Même s’il n’est toujours pas guéri, ce père de famille qui souffre en réalité d’un éléphantiasis indique que la douleur a baissé grâce aux médicaments qu’il reçoit de cette équipe médicale bienfaitrice. Il implore le gouvernement de trouver une solution durable à son problème, lui qui est quotidiennement stigmatisé et rejeté, y compris par ses proches. « Je demande au gouvernement à rechercher une solution. Actuellement, il y a dans mon village des personnes qui ont des pieds plus gros que le mien », conclut-il, lui qui soufflera sa 75e bougie en mai prochain.

Henri Aimé Eto’o: Stable mais invalide

Henri Aimé Eto’o

Henri Aimé Eto’o traîne avec lui une maladie dont il ne s’explique pas toujours la cause 15 ans, après le début. « Je croyais avoir eu une foulure au pied pendant le sport. J’ai donc commencé à traiter avec des baumes, mais le pied ne faisait qu’enfler », explique le quinquagénaire. Son pied qui commence à noircir et qui ne lui permet plus de mettre des chaussures finira par avoir des blessures apparentes.

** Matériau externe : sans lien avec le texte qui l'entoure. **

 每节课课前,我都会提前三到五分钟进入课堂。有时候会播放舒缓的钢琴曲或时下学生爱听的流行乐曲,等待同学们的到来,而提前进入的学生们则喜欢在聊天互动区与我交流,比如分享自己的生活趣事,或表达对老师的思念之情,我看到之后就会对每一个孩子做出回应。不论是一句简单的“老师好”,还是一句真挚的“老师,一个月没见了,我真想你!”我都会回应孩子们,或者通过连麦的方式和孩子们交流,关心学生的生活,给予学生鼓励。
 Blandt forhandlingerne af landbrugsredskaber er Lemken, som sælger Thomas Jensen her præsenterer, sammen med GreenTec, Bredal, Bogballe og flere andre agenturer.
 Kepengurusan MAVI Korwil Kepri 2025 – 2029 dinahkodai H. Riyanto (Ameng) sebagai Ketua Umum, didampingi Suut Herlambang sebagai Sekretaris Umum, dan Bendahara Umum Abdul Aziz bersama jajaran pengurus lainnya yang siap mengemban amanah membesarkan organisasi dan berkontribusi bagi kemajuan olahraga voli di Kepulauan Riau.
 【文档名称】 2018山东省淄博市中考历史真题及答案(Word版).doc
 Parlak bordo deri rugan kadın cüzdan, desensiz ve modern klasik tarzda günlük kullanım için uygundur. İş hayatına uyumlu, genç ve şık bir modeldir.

Dans des hôpitaux, Henri Aimé Eto’o ne trouvera pas de solution à son problème, malgré la bonne volonté de ses médecins traitants. Soupçonnant le poison, ce père de famille s’en remettra aux prières sur conseil de ses proches. « Mon fils qui est médecin m’a demandé de retourner à l’hôpital et c’est finalement à l’hôpital central de Yaoundé qu’on me diagnostique les filariose lymphatique. Malheureusement, cette maladie m’avait déjà sérieusement bouffé le pied si bien que j’avais perdu le sommeil », renseigne Henri Aimé Eto’o.

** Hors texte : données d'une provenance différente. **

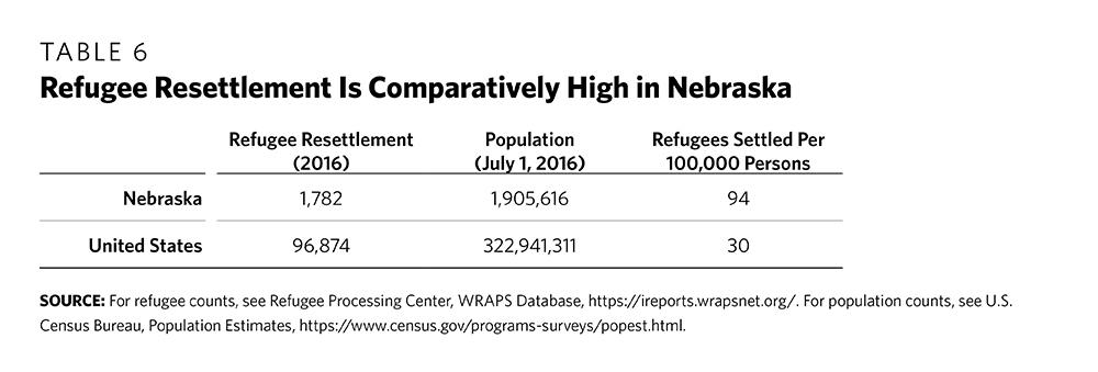 Yet Nebraska is more than just an ag state or a red state. More than half the state’s population now lives in the Lincoln and Omaha metropolitan areas—two areas that have become increasingly cosmopolitan and remain politically diverse.3 In these areas, banking, financial services, insurance, state government, transportation, healthcare, and universities anchor modern, diversified economies.4 And in the last decade, Lincoln and Omaha have boasted some of the highest rates of refugees per capita in the nation.5 In 2008, president Barack Obama picked up one of the state’s five electoral votes by winning the second congressional district, where Omaha is located. Nebraska and Maine are the only two states where it is possible for electoral votes to be split among multiple presidential candidates.6 And Nebraska is the only state with a unicameral, nonpartisan state legislature.7 It is indeed a unique state, yet at the same time, its population growth, levels of postsecondary education, and percentage of workforce in manufacturing all approximate the national average (see Table 1).
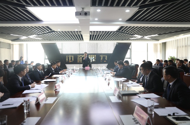 中譽鼎力總經(jīng)理張治民、中譽鼎力裝備設(shè)計有限公司總經(jīng)理馮濤、鼎力礦山設(shè)備公司副中譽鼎力裝備設(shè)計有限公司副總經(jīng)理兼大客戶項目部總經(jīng)理原文秋、中譽鼎力裝備設(shè)計有限公司EPC項目部總經(jīng)理張永臣,各服務(wù)總經(jīng)理及銷售人員近百人參加會議。

Aujourd’hui, grâce au traitement qu’il suit depuis quatre mois dans cet hôpital, son mal s’est stabilisé, mais il laisse de nombreuses séquelles. En plus de nombreuses dépenses, la maladie a eu des conséquences irréversibles sur la vie de cet ancien chauffeur de camion qui était autrefois sportif. « J’ai perdu 30% de ma valeur physique. Je ne fais plus sport, je ne sors plus avec des amis. J’ai perdu toute collaboration avec certains amis », déplore-t-il. Ce n’est pas tout. La maladie l’a affecté jusqu’à sa vie conjugale. « J’ai perdu ma femme il y a cinq ans et aujourd’hui toutes les autres se méfient de moi. Elles pensent même que j’ai le Sida », lance-t-il. Henri Aimé Eto’o qui ignore toujours l’origine de sa maladie invite le gouvernement à agir efficacement pour y mettre fin.

Patrice Mossolo: Sauvé de justesse

Patrice Mossolo

Patrice Mossolo voit encore bien aujourd’hui, mais il y a longtemps qu’il aurait perdu la vue. Le natif de Monatele n’a vu sa vue maintenue que grâce à la prise régulière du mectizan. « J’ai 72 ans, je vois et je lis grâce au mectizan », se réjouit-il. Comme de nombreuses personnes de sa localité d’origine, ce septuagénaire victime d’onchocercose depuis de longues années. Il a eu la vue sauve, mais plusieurs dans son entourage n’ont pas eu la même chance.

« Nos parents et grands-parents perdaient la vue, ils avaient des plaques sur la peau comme la gale, ils avaient des démangeaisons, etc. Nous croyions que c’était la sorcellerie qui les rendait comme ça alors que ce n’était pas le cas. Après des recherches, nous nous sommes rendu compte que c’était l’onchocercose. On leur administrait un traitement autour des années 1985 qui ne marchait pas et plus tard l’on a eu le mectizan », se souvient-il. « Par la suite, des médecins ont été formés sur la prise en charge des malades, les modalités de visite, etc.. Cinq ans après, le nombre de personnes non voyantes a diminué », renchérit Patrice Mossolo.

Patrice Mossolo qui a été sensibilisé sur la maladie attribue son origine aux Simulies, mouches noires localement appelées « mout-mouts » et dont les piqûres qui laissent quelques fois des petites taches rouges, transmettent de nombreuses maladies. Il remercie d’ailleurs le ministère de la Santé publique pour des actions menées pour l’éradication de l’onchocercose, mais en redemande encore.